Bicolored Striped-Sweat Bee - Agapostemon virescens
Most Bees are associated with colorations that sport prominent yellows and blacks, but they can actually come in a wider array of colors that one could possibly imagine. Today’s species is a lovely metallic green! Moreover, there are tropical Bees that are bright blue, purple, white, and even some with traces of red along their exoskeleton or in the from of hairs (which may or may not be fashioned into a Red Belt)! Genuinely, the coloration is astounding and beautiful, and it only makes the world of Bees that much more enticing to explore. That’s why for today’s post and the following post, this blog will showcase two particular green colored Bees which at first glance may resemble the fabled Jewel Wasp, but are in fact Bees from the family Halictidae. That’s a bit of mouthful, so we can instead call them by their common name: Sweat Bees, so named due to their attraction to sweat from the human body. As discussed in an older post featuring the Texas Striped Sweat Bee (A. texanus), sweat is a valuable source of salt for insects, so if an opportunity to collect salt directly from sweat arises, it is too great an opportunity to ignore. In fact, it’s better to get there first before other insects arrive and claim sweat for themselves. Although it sounds unnerving, the female Sweat Bee’s sting is fairly week, so even if you consider them a nuisance, they present no real threat to you if you’re walking or running in the park. In fact, allowing one to land on you may present you with a valuable opportunity to observe them in action.
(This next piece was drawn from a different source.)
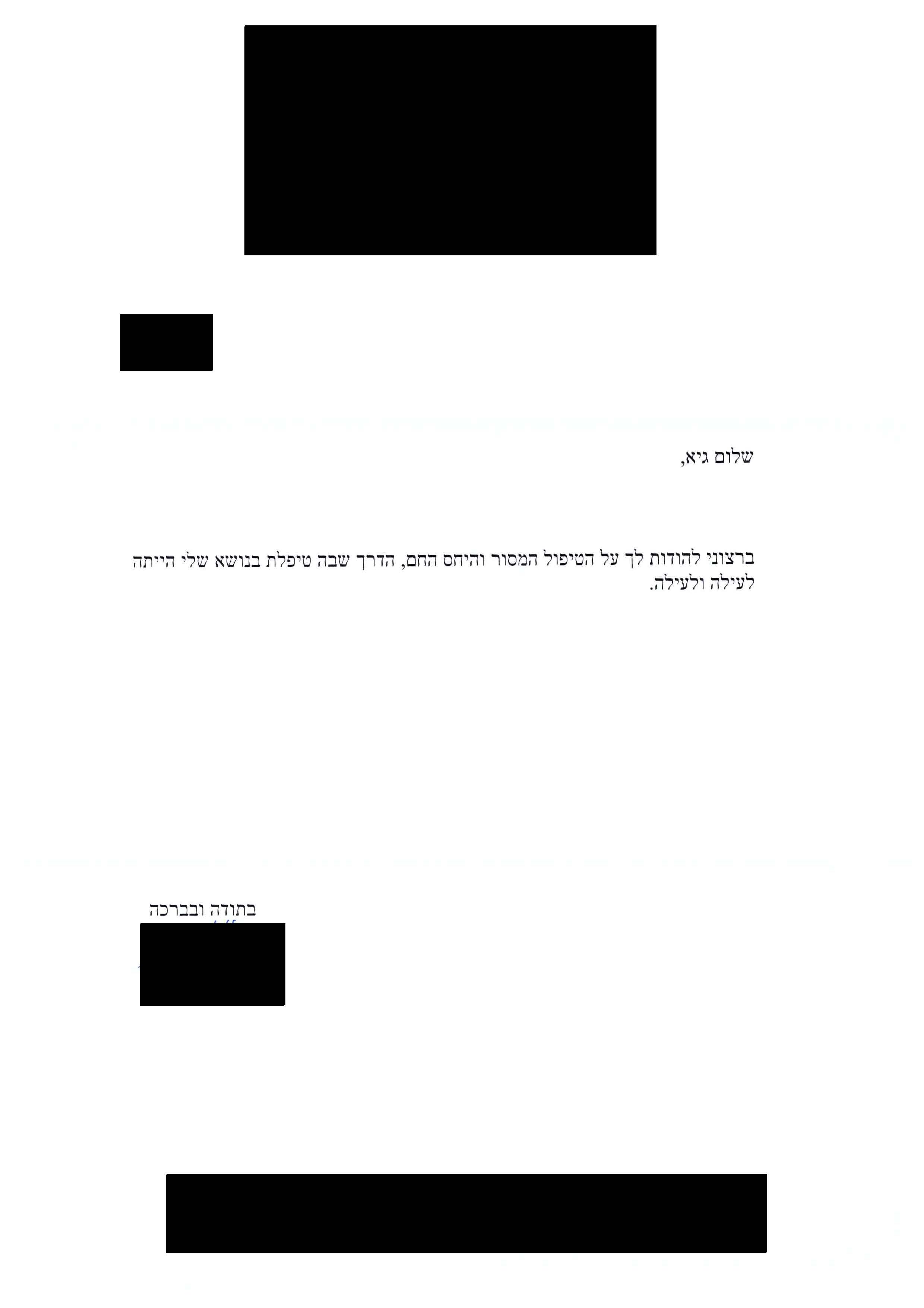 "...אין לי מילים להביע את הערכתי ותודתי על התגובה המפורטת, האנושית - מקצועית בענין בני...המענה המידי והענייני המרגיע, היה בדיוק הדבר שהיינו זקוקים לו...הייתם יותר ממלאך מושיע והשריתם בטחון עלי ועל המשפחה...".

While a nearby Sweat Bee would be interesting, it’s worth nothing that you shouldn’t count on them landing on you, even if you actively seek them out as these insects are very skittish and eager to escape a perceived threat. From my experience, aside from observing them on flowers, it’s better to sit down after some physical activity and let them come to you. Of course, sweat isn’t all they consume as a part of their diet. These Bees do as most other Hymenopterans do and supplement their diet using nectar and pollen from a wide variety of flowers. This individual has a lot of surface area to cover on this echinacea flower, and plenty to feast on as a result. Female Bicolored Bees need to gather what they can to provision their nests and the larvae within. In a similar manner to Digger Wasps, they also nest in the ground and have earthen cells that contain their burgeoning larvae. Unlike those predacious insects, however, these diligent Bees line their cells with gathered pollen instead of paralyzed insects or spiders. It’s quite an interesting ecological niche that these Bees have going on. As well, while the aforementioned Digger Wasps are solitary hunters, Sweat Bees such as this one may join forces and cooperate socially within a single burrow. It’s not quite an insect colony in terms of eusocial structuring; there are no castes or delegation of labor, nor is there honey to be made. It’s simply a potential handful of individuals cooperating under one soil-covered roof, and that cooperation can make potentially make nest construction and maintenance much more economic...especially since Sweat Bees won’t be carnivorously hunting for their food.